# "The Boat of a Million Years"



## Ukko (Jun 4, 2010)

Classical music and science fiction share an attribute: the people who listen to the one and those who read the other have not allowed their _sense of wonder_ to atrophy. For the whippersnappers among us who listen to the one _and_ read the other, I wish to direct your attention to Poul Anderson's masterwork, *The Boat of a Million Years*.
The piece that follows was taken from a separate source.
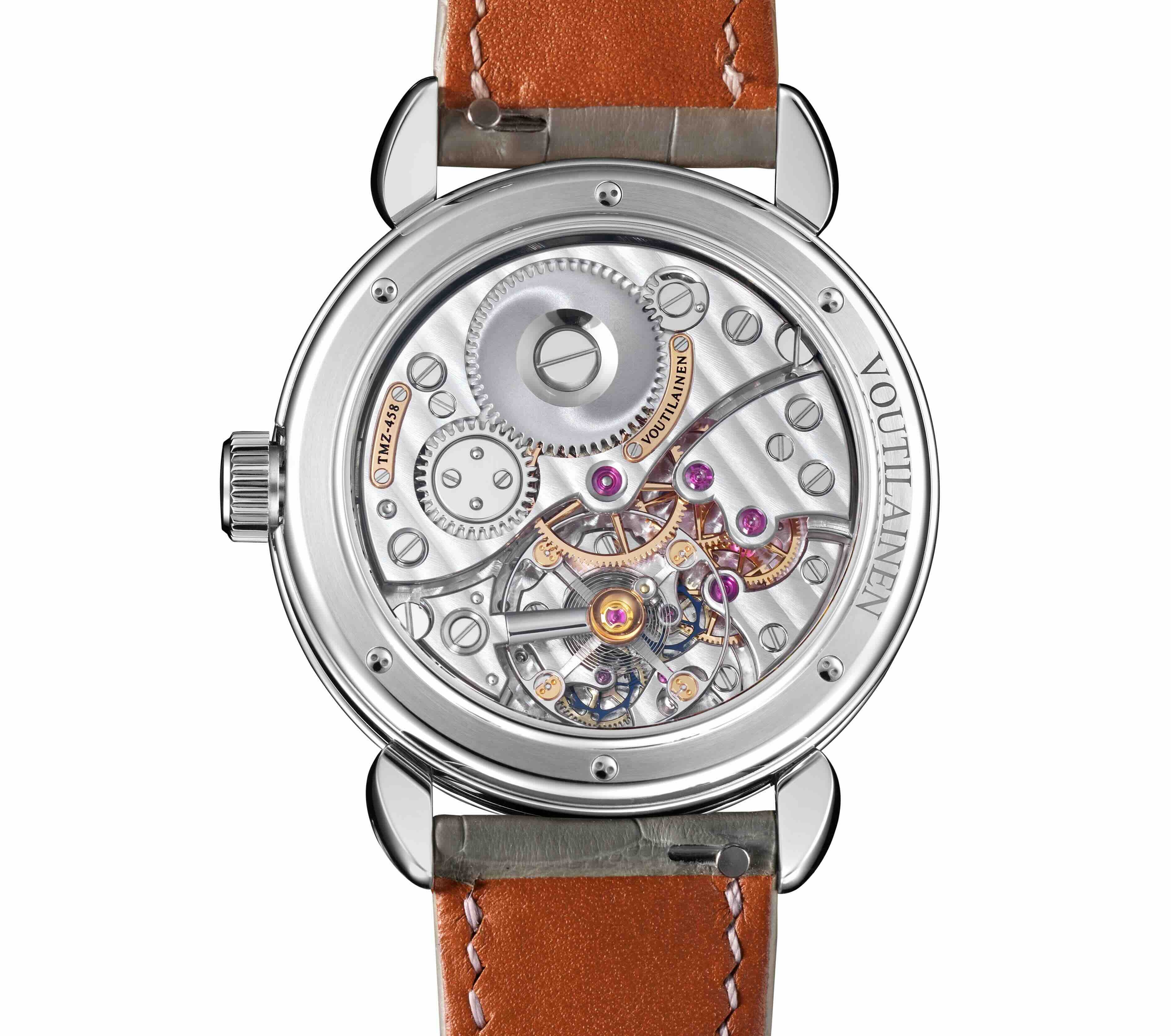 Le mécanisme a été conçu, construit, fabriqué, fini et assemblé dans l’atelier Voutilainen avec la plus grande précision, le plus grand soin et une réelle passion. Il présente un balancier très large manufacturé en interne, assurant une régulation parfaite dans des tolérances strictes. Afin d’équiper un tel garde-temps, un système rare et unique de spiral a été utilisé. La partie extérieure du spiral utilise une courbe Phillips typique, tandis que la courbe intérieure utilise la courbe Grossmann, moins connue, augmentant ainsi encore plus la précision.Le mouvement 216TMZ est particulièrement remarquable en raison de ses deux roues d'échappement, qui fournissent une impulsion directe au balancier à travers le plateau d’impulsion et sa levée. Cette construction innovante améliore l'efficacité en nécessitant moins d'énergie que l'échappement à ancre suisse et permet d'obtenir des bénéfices notables pour un usage quotidien, en termes de longévité, de stabilité et de réserve de marche plus longue. Le fond de la boîte offre une vue captivante sur les subtilités du calibre, méticuleusement fini selon les plus hauts standards par les artisans experts de l’atelier Voutilainen. Les surfaces des pignons et des roues sont complètement plates et polies avec des tolérances exceptionnellement uniformes. La platine et les ponts, fabriqués en maillechort, sont décorés à la main pour atteindre les plus hauts niveaux de finition de surface. Les vis et toutes les pièces en acier sont également finies et polies à la main. Rendant hommage à l’art du guillochage-main, le cadran se pare de magnifiques motifs distinctifs, rehaussés par la teinte bleue. Ce jeu raffiné de textures et de savoir-faire, sublimé par les reflets de la lumière, magnifie l’allure de la montre et souligne l’extraordinaire maîtrise nécessaire à sa réalisation.Complétant son esthétique, la montre de 39mm s’accompagne d’un élégant bracelet en crocodile noir cousu main. Le modèle 216TMZ peut également être personnalisé afin de refléter les souhaits du client, faisant de chaque pièce une pièce véritablement unique.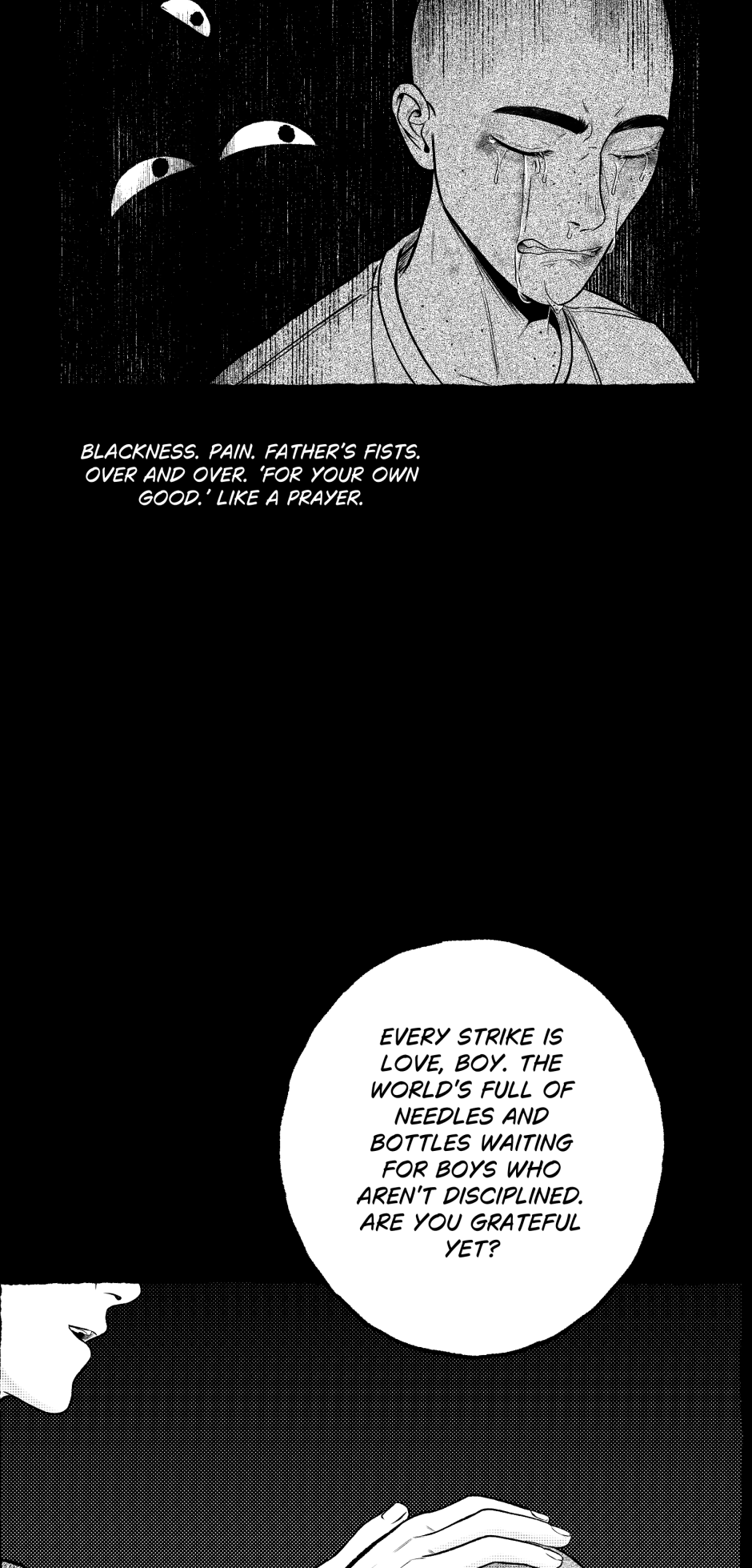 Story contains swearing, alcohol and domestic violence, mature/sexual situations, inconsistent art.

On the page where a preface sometimes takes up space, Mr. Anderson left only four short lines of hieroglyphics and their translation:

May he go forth in the sunrise boat,
May he come to port in the sunset boat,
May he go among the imperishable stars,
May he journey in the Boat of a Million Years

- *The Book of Going Forth by Daylight* 
(Theban recension, ca. 18th Dynasty)

And then the journey of journeys begins. It's possible you could enjoy going along. Quite possible.

:tiphat:


----------



## Weston (Jul 11, 2008)

I don't think I have read that one, though most everything by Anderson is full of wonders lacking in more modern SF. I hope he does not become as forgotten as, say Simak for instance.

I remember reading a quote from him somewhere. To paraphrase: "The greatest musicians in the world play Bach in my living room. Some people think technology is evil."


----------